A St. Louis native, Sanfilippo spent a decade in the west, attending graduate school in New Mexico and then moving to Los Angeles to work as a writer. He answered an open-call job interview for the opening of Pizzeria Mozza, owned by renowned chef Mario Batali and equally renowned baker Nancy Silverton.
"I knew that Batali would be making salumis and curing stuff," Sanfilippo says. "I didn't think I would get into being able to do it. I was making this stuff at home. I had a little wine cooler I converted into a curing cellar. I would make stuff like coppas and bring it into work. Nancy got all excited and said, 'We've got to sell this stuff and start making it here,' I showed them that I was passionate and very careful and tried to make as good a product as possible."
Despite the lure of working in a culinary hotbed and for some of the most respected people in the restaurant business, St. Louis beckoned.
"All of our meat was coming from Missouri and Iowa. We [Sanfilippo and his wife Jamie] were thinking about moving back here anyway, so I was thinking, why not do something with all this great pork and all these local farmers? Do something that's authentic and really old-school. We came here with that in mind and I started immediately. Within a week of getting back here, I started curing stuff just to see if people were interested. I made some coppas and salumis, then I started knocking on doors at places like the Wine Merchant to see if people were receptive to it."
They were. Sanfilippo's products gained a fast following. He soon caught the attention of Patrick Horine, cofounder of the Tower Grove Farmers' Market and Local Harvest Grocery. Horine offered Sanfilippo a grant.
"I talked to Patrick about the Tower Grove market as something to do, and he offered up the Incubator [grant]. That was a huge help. We didn't have to pay rent, didn't have to pay for the market. It was great. We got the space to work. That was a year, and then I found a shared space with a caterer on Cherokee Street for the next year. In the meantime I partnered with Ben [Poremba] and the goal was to get our own space, get USDA inspected. We can have more control over the product and do more stuff."
That level of control includes the new storefront, which will carry specialty dry goods in addition to Salume Beddu's meat. There's a large kitchen and a curing cellar. It's the heart of the business -- and it's where Sanfilippo's passion lies.
"It's fascinating. It's cooking without heat. I wish I'd chosen something easier in terms of health regulations, but it's worth it. There's a lot of things I didn't think I'd do. It's made me more scientific. I'm taking the pH of meat, recording it; weight-reduction tests and sending things off to the lab."
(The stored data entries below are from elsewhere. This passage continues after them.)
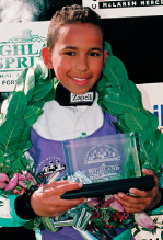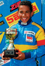 I also had my first crash at Rye House on a practice day. I think it was Saturday, 30 January, the day before my first ‘black plate’ race day. It was getting close to the circuit closing time and we were just about to finish. We were on our last couple of runs and some dude came up on the inside of me and clipped me into the first corner. I didn’t even know he was there and he sent me off flat-out into the tyre wall. I went straight into the tyres – my kart was all bent and damaged and I had a bleeding nose. My dad charged up from the bottom end of the circuit fearing that I had hurt myself, but when he got to me the first thing I said was, ‘Can you fix it for tomorrow?’ I wasn’t bothered at all about me. I was just in a bit of a daze. My dad drove all the way to the other side of London to find the parts for my Allkart. Eventually he got the necessary parts from a nice man called Bruno Ferrari. Bruno used to tune race engines for Dan Wheldon and a few others at the time. Dan was then a huge karting star even though he was only about thirteen. Anyway, my dad got the parts and fixed my kart; we went racing the next day and I brought home my first trophy!
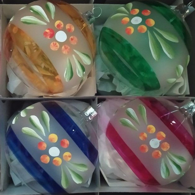 Tradiční skleněná ozdoba vyráběná v opavském družstvu Slezská tvorba, jehož tradice se datuje do r. 1951. Každý kus je vyráběn a malován ručně.
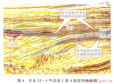 樂東22-1氣田主物源來自北東方向的海南島,為發(fā)育在陸架濱 淺海背景下,受沉積坡折控制的灘壩復(fù)合體沉積。儲(chǔ)層的形成,與海平面短期快速升降、強(qiáng)制性海退背景下形成的4級層序有關(guān)。4級層序界面以類工型界面為主,層序結(jié)構(gòu)主要表現(xiàn)為前積型特征,頂積層較薄(圖4)。S型疊加4級層序的頂積層可形成良好的儲(chǔ)集層,在沉積坡折以下多以淺海相泥巖、泥質(zhì)粉砂巖為主,儲(chǔ)層不發(fā)育(圖5)。準(zhǔn)確把握層序形成機(jī)制和疊加樣式[7-8],可以有效地預(yù)測和把握有利儲(chǔ)層的分布,減少儲(chǔ)層預(yù)測上的失誤,降低風(fēng)險(xiǎn)。通過對儲(chǔ)層的精細(xì)描述,刻畫有利砂體的展布,指導(dǎo)生產(chǎn)井的部署和井位優(yōu)化。
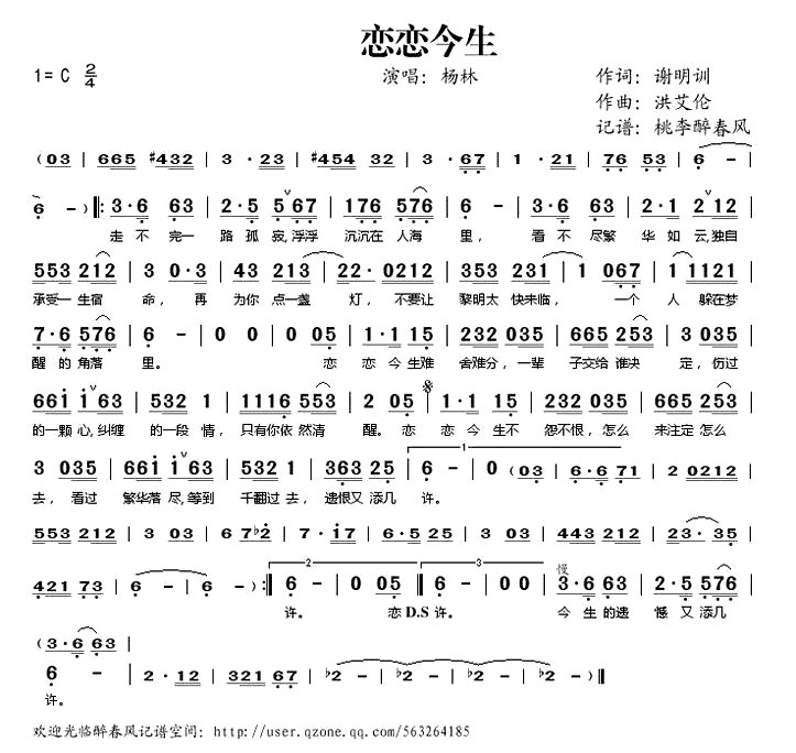 杨林演唱歌曲《恋恋今生》歌曲简谱,此曲由谢明训填词,洪艾伦作曲。

His timing couldn't be better. "The St. Louis I lived in ten years ago would not have been receptive to guanciale [an unsmoked bacon made from hog jowls]. I don't know. Maybe they would. Now people are more educated. People want more. They realize there's something better out there if they can find it."
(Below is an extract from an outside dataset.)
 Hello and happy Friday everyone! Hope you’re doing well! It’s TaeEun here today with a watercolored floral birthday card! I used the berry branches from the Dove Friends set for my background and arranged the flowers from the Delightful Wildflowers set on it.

Sanfilippo's vision fits well with St. Louis' cured-meat history. "Everybody's always asking if I'm in competition with Volpi. That's not really how it works. If someone has a platter of charcuterie, the best thing is to have something from five different people. You don't want ten things from the same person. You want some variety. People have their own style in how they do stuff. We're going to carry other peoples' stuff. Stuff we don't make, or stuff we really love. It's not like it has to be either/or. I'm just excited to be a part of it. It's kind of cool to be in a town where there is a salume appreciation."
Did your family cook when you were a child? What meals stand out? Very much so. We were always cooking, and both my mom and my sister were very into experimenting and trying new stuff out. Probably one of my favorite meals as a kid was beef spiedini that my mom learned to make from my Sicilian grandmother. It's a popular St. Louis Italian meal, and it seems like everyone's family has a slightly different version. But to me, my mom's was the best.
How old were you when you started cooking? Hard to say. I was helping out from a very young age. I probably cooked my first full-on meal for the family when I was eleven or so, and it was most likely meatloaf with a salad of some sort.
What was your first kitchen job? I worked at a great little bakery in Santa Fe called Sage Bakehouse. They were obsessed with perfect bread and had some proprietary sourdough starter from France that was just incredible. I appreciated their obsession and it really helped intensify my own attention to detail.